### WHAT YOU HAVE TO DO:
One line at a time, check the entries below for the word "sobre", and copy each line that has it.

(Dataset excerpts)
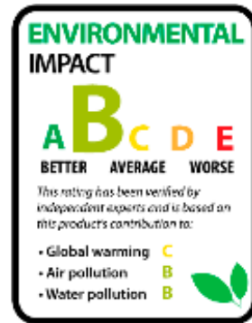
Etiquetado europeo Huella Ambiental de Producto (HAP)
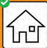
Bei positivem Test: Isolation. Bei Kontakt mit positiv getesteter Person: Quarantäne.
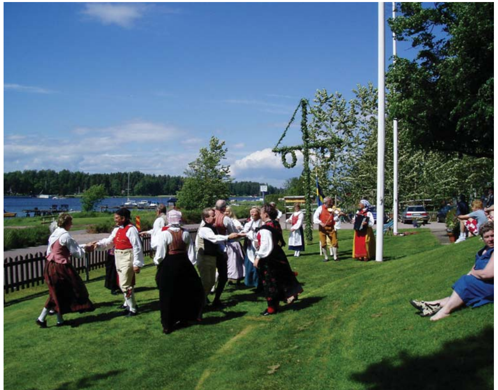
Traditionellt midsommarfirande i Vålösundet.

Området avses betjäna behovet av lek och friområden inom parkmark för såväl besökare som för boende inom planområdet. Förutom en privatägd fastighet som är planlagd som hamnområde är området mellan Vålösundsvägen och vattnet allmänt tillgängliga. Ett annat undantag är de mindre områden som i planen avsatts för parkering respektive hamnändamål. I området mellan vägen och vattnet finns på vissa platser iordningsställda sittplatser, dessa föreslås en upprustning och ytterligare sittplatser skulle kunna tillskapas.
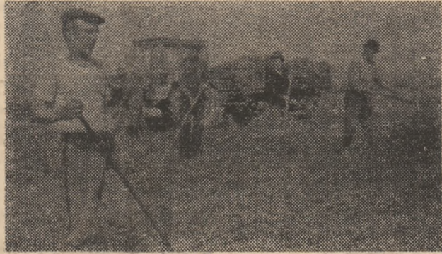
A.E.I. Băraști. La stringerea furajelor masă verde sînt mobilizați și cosășii.
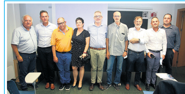
Los ponentes de la jornada sobre FP del PSPV-PSOE

Esta transformación está generando innovación y una alta cualificación de las personas que cursan estos estudios. También se usó sobre la mesa la colaboración de las prácticas en empresas, que han sido determinantes para que los estudiantes consigan un alto grado de conocimiento en todas las especialidades, teniendo opción, posteriormente, a integrarse en el mercado laboral y a los nuevos puestos de trabajo que se van generando de acuerdo con las necesidades de nuestra sociedad.
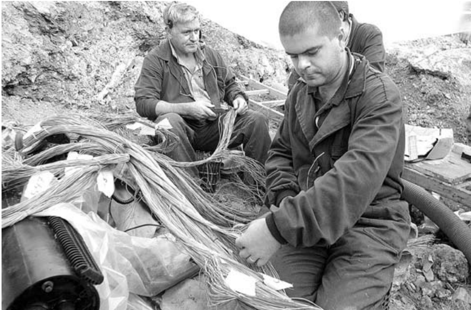
TRABAJO MINUCIOSO. Operarios de Telefónica seleccionan una por una las líneas seccionadas en Juan de Garay.
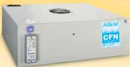
Caisson de filtration conforme à la norme NFX 15-211
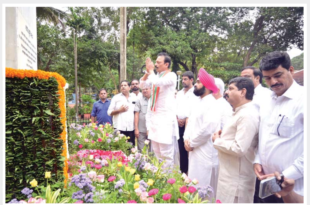
શ્રદ્ધાંજલિ: બુધવારે ઓગસ્ટ ક્રાંતિ દિન નિમિત્તે ભાજપ અને એનસીપીના નેતાઓએ ગોવાલિયા ટેમ્પલ મેદાન ખાતે ઓગસ્ટ ક્રાંતિ સ્મારકને શ્રદ્ધાંજલિ આપી હતી.
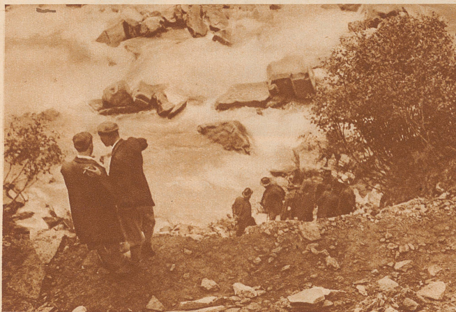
Prozeß Halsmann. Lokaltermin an der Absturzstelle. Der Herr rechts mit der Trauerbinde um den Arm ist der Angeklagte Halsmann

auf übergroßer Einbildungskraft, die zum Schluß an ihre eigenen Erfindungen glaubt. Auch die Revision des Prozesses brachte, entgegen dem Wunsch der gesamten Öffentlichkeit, keinen Freispruch, sondern Bestätigung des Urteils. Auch hier wieder ein Fall, wo der Indizienbeweis und der Beweis durch Zeigenaussagen vollkommen versagte. Die wirkliche Wahrheit war nicht zu ergründen, nur zu erfüllen. Wo aber blieb der Satz: «In dubio pro reo» (Im Zweifelsfall für den Angeklagten)?

### ANSWER BOX:
Los ponentes de la jornada sobre FP del PSPV-PSOE
Esta transformación está generando innovación y una alta cualificación de las personas que cursan estos estudios. También se usó sobre la mesa la colaboración de las prácticas en empresas, que han sido determinantes para que los estudiantes consigan un alto grado de conocimiento en todas las especialidades, teniendo opción, posteriormente, a integrarse en el mercado laboral y a los nuevos puestos de trabajo que se van generando de acuerdo con las necesidades de nuestra sociedad.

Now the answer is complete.